Supercomputer developed by IBM

Sierra or ATS-2 is a supercomputer built for the Lawrence Livermore National Laboratory for use by the National Nuclear Security Administration as the second Advanced Technology System. It is primarily used for predictive applications in nuclear weapon stockpile stewardship, helping to assure the safety, reliability, and effectiveness of the United States' nuclear weapons.

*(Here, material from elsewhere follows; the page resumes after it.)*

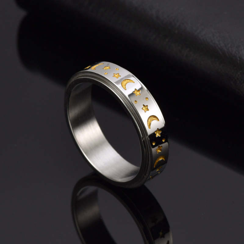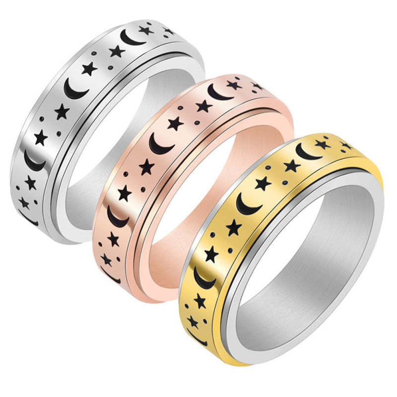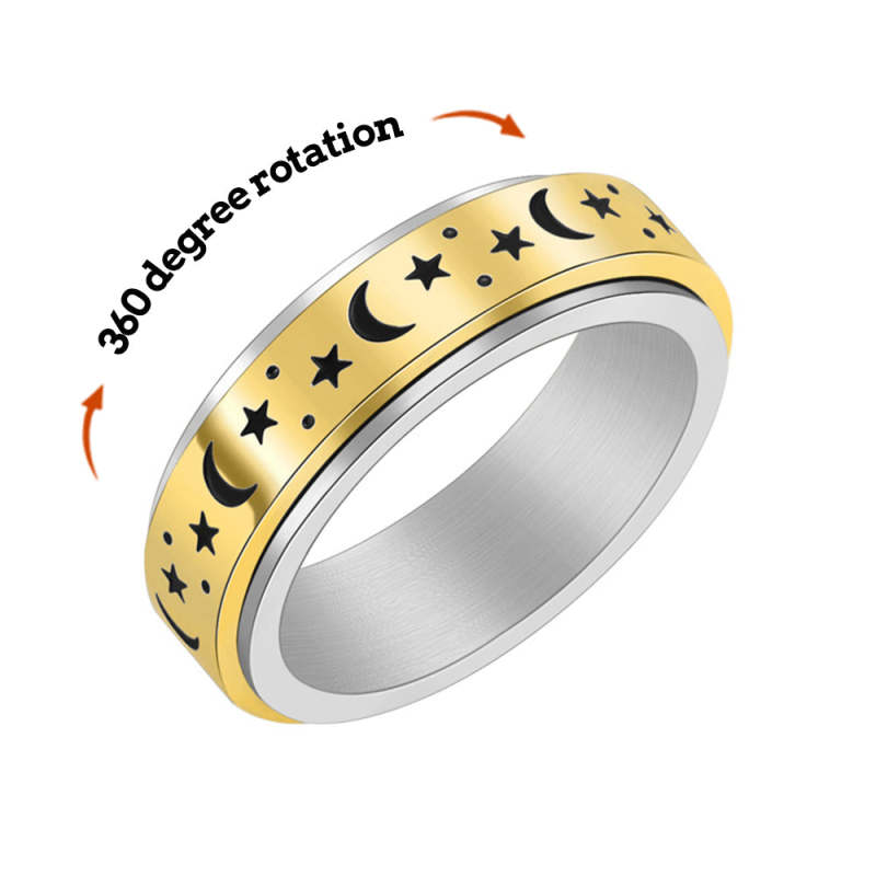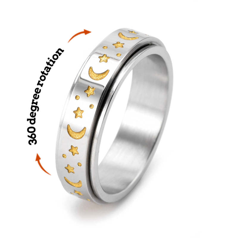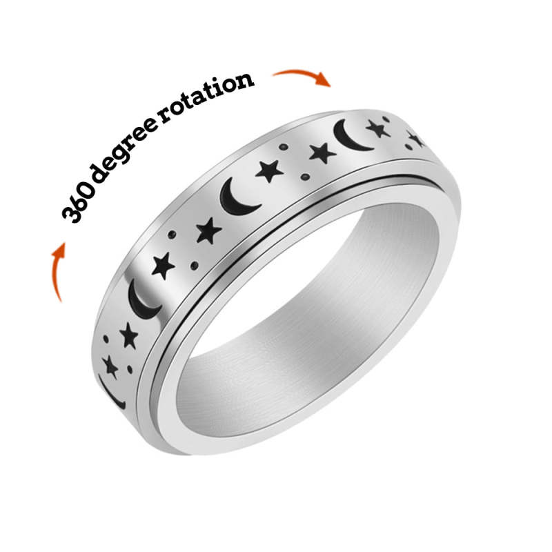 Anello alla moda e alla moda, design con spinner, perfetto per le persone che cercano protezione per liberare l'energia dell'ansia irrequieta. Con il design Star Moon Anxiety, l'anello attirerà più attenzioni. Design dallo stile unico, pienamente in linea con il design dell'estetica umana, per mostrare il tuo fascino naturale.?Casa, ufficio, feste e abbigliamento quotidiano. Una scelta ideale per matrimoni, anniversari, regali di San Valentino, festa del papà, cocktail, fidanzamenti, compleanni. Adatto ad ogni occasione.

Sierra is very similar in architecture to the Summit supercomputer built for the Oak Ridge National Laboratory. The nodes in Sierra are Witherspoon IBM S922LC OpenPOWER servers with two GPUs per CPU and four GPUs per node. These nodes are connected with EDR InfiniBand. In 2019 Sierra was upgraded with IBM Power System AC922 nodes.

Sierra is composed of 4,474 nodes, 4,284 of which are compute nodes. Each node has 256GB of RAM, 44 IBM POWER9 cores spread across two physical sockets, and Four Nvidia Tesla V100 GPUs, each providing 16GB of VRAM. This gives the complete system 8,948 CPUs, 17,896 GPUs, 1.14 PB of RAM, and 286 TB of VRAM.

Sierra has consistently appeared on the Top500 list, peaking at second place in November 2018. As of November 2023, it is in tenth place. Only 4.6 petaflops of its performance come from its CPUs, with the large majority (120.9 petaflops) coming from the Tesla GPUs.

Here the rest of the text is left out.